### Task instructions:
Beneath this instruction is a listing. Transcribe from it only the stretch from the line with "19. Februar 2025, Potsdam" through the line with "im Mai vor zehn", both end lines included, exactly as written.

----- Material for the task

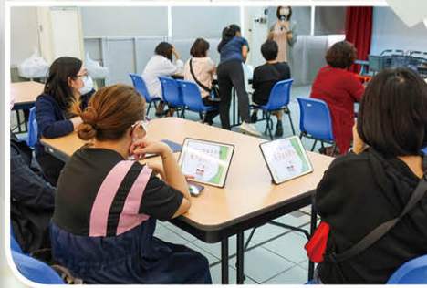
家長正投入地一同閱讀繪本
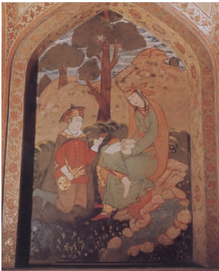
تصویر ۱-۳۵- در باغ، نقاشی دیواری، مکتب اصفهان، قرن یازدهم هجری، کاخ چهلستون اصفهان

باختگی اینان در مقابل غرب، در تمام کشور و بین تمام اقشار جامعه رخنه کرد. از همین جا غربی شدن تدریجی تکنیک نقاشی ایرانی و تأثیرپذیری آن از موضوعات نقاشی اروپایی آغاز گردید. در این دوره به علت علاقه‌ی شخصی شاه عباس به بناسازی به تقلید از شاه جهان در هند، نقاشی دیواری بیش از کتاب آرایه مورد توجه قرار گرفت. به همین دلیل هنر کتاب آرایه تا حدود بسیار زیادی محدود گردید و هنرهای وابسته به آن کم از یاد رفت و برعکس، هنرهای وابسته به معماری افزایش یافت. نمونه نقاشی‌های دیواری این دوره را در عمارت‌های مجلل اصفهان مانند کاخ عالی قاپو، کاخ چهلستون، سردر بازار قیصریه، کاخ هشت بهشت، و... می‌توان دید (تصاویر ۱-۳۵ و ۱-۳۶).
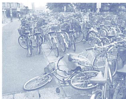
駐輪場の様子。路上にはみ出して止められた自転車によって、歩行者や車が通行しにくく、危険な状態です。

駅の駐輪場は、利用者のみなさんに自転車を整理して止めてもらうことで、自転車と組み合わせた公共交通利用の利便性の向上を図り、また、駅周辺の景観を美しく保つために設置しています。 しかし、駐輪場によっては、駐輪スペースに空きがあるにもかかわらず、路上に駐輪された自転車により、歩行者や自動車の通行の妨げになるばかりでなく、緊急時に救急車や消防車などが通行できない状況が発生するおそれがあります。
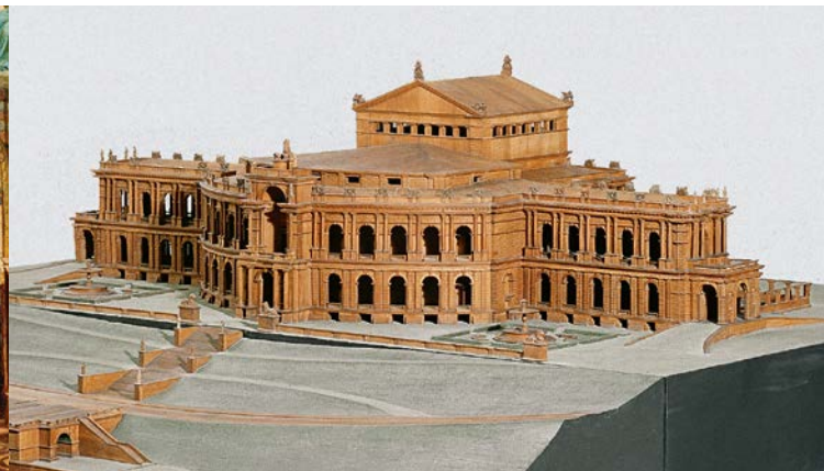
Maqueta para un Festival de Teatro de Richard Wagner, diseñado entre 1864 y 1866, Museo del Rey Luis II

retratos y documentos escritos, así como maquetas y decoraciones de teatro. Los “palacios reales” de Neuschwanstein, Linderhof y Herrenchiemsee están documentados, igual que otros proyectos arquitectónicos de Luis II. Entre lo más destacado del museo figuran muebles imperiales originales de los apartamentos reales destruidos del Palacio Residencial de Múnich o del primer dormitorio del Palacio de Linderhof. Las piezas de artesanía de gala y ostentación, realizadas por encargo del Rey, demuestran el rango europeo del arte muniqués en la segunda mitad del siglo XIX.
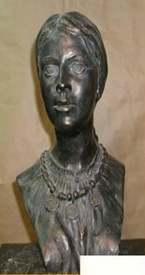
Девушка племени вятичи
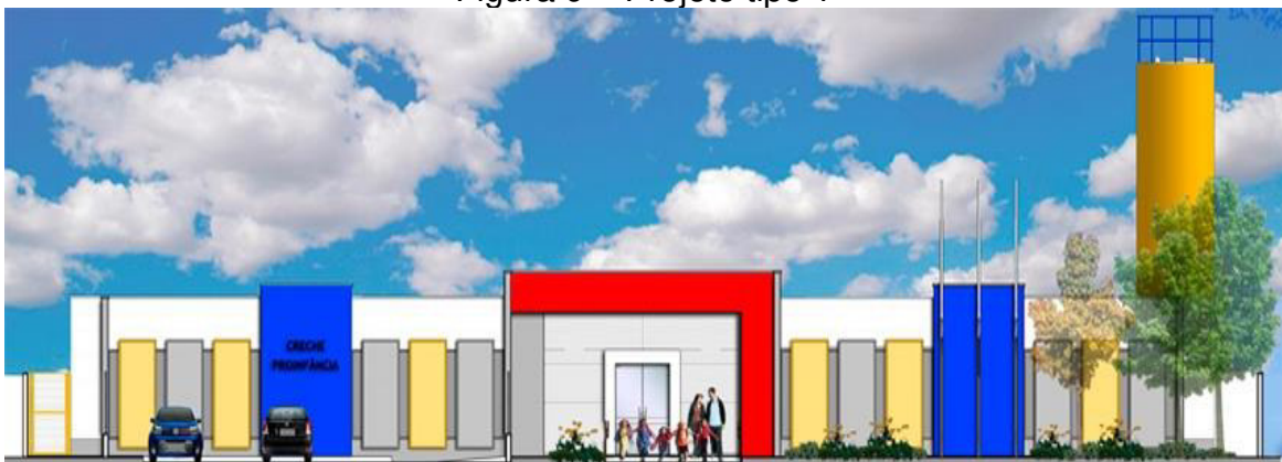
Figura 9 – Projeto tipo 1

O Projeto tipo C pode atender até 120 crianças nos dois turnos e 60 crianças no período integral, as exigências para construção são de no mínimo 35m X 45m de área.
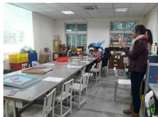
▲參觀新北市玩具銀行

----------
----- Material for the task

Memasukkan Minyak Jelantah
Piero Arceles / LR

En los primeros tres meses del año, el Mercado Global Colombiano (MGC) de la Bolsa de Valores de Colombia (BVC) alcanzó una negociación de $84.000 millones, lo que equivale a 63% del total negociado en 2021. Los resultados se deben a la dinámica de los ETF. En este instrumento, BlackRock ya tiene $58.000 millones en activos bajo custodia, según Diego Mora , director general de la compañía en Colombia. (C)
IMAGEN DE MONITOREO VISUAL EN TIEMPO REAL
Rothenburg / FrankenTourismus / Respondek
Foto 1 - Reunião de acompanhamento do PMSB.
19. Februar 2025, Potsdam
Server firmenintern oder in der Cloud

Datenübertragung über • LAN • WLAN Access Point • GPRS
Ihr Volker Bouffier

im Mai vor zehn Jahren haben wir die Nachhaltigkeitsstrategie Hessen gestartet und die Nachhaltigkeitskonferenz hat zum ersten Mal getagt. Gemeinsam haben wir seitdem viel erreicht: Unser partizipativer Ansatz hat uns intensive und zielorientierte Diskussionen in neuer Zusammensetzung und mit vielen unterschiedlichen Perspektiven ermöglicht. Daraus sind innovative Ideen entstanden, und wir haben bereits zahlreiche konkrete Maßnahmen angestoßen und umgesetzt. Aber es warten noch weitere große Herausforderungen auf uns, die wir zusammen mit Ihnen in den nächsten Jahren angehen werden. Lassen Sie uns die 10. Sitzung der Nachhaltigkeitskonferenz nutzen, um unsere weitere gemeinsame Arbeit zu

----------
----- Material for the task

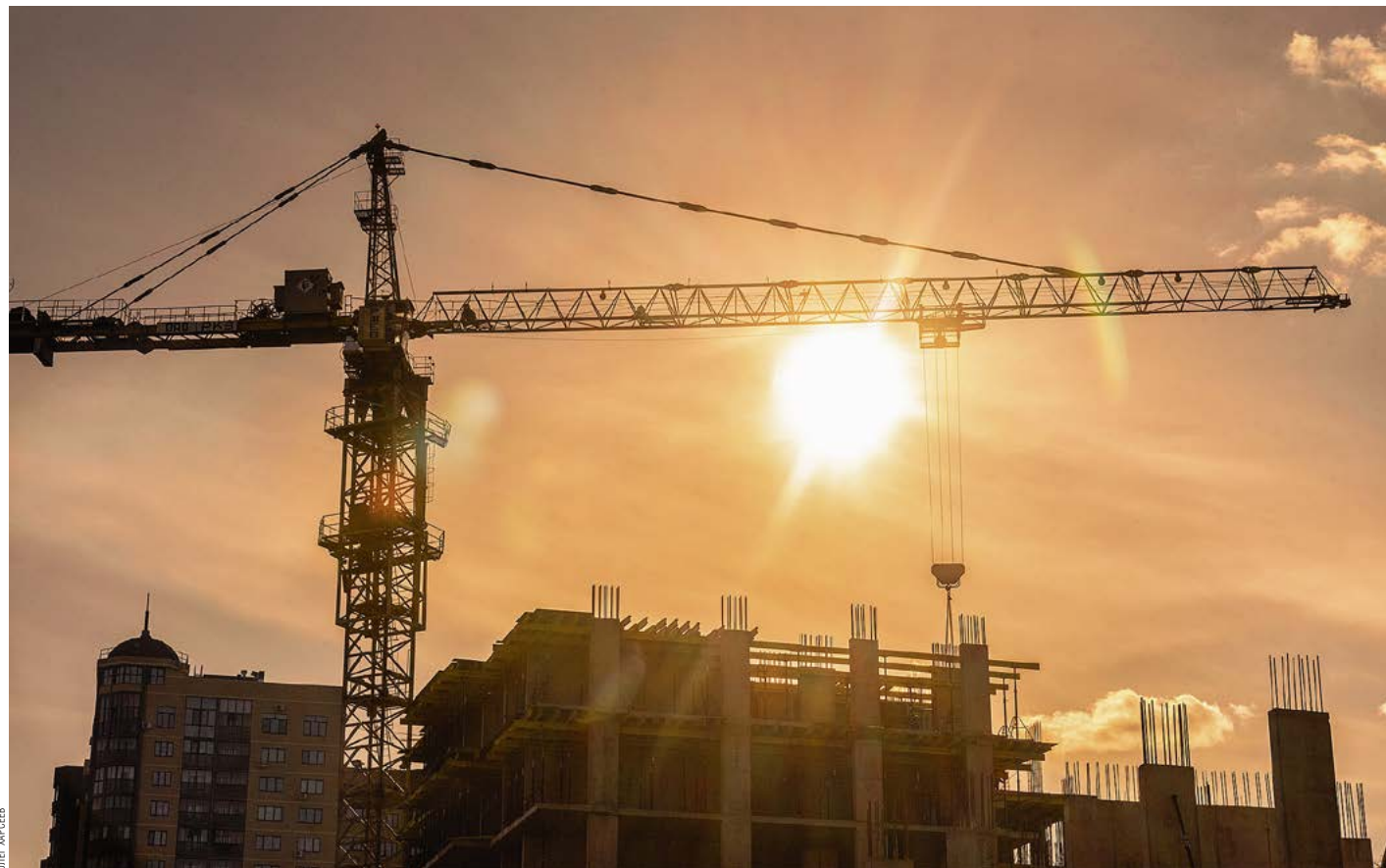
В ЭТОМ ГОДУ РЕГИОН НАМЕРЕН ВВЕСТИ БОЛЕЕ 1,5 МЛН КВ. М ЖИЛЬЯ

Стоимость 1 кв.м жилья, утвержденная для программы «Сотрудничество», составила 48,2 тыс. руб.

----------

### Solution:
19. Februar 2025, Potsdam
Server firmenintern oder in der Cloud

Datenübertragung über • LAN • WLAN Access Point • GPRS
Ihr Volker Bouffier

im Mai vor zehn Jahren haben wir die Nachhaltigkeitsstrategie Hessen gestartet und die Nachhaltigkeitskonferenz hat zum ersten Mal getagt. Gemeinsam haben wir seitdem viel erreicht: Unser partizipativer Ansatz hat uns intensive und zielorientierte Diskussionen in neuer Zusammensetzung und mit vielen unterschiedlichen Perspektiven ermöglicht. Daraus sind innovative Ideen entstanden, und wir haben bereits zahlreiche konkrete Maßnahmen angestoßen und umgesetzt. Aber es warten noch weitere große Herausforderungen auf uns, die wir zusammen mit Ihnen in den nächsten Jahren angehen werden. Lassen Sie uns die 10. Sitzung der Nachhaltigkeitskonferenz nutzen, um unsere weitere gemeinsame Arbeit zu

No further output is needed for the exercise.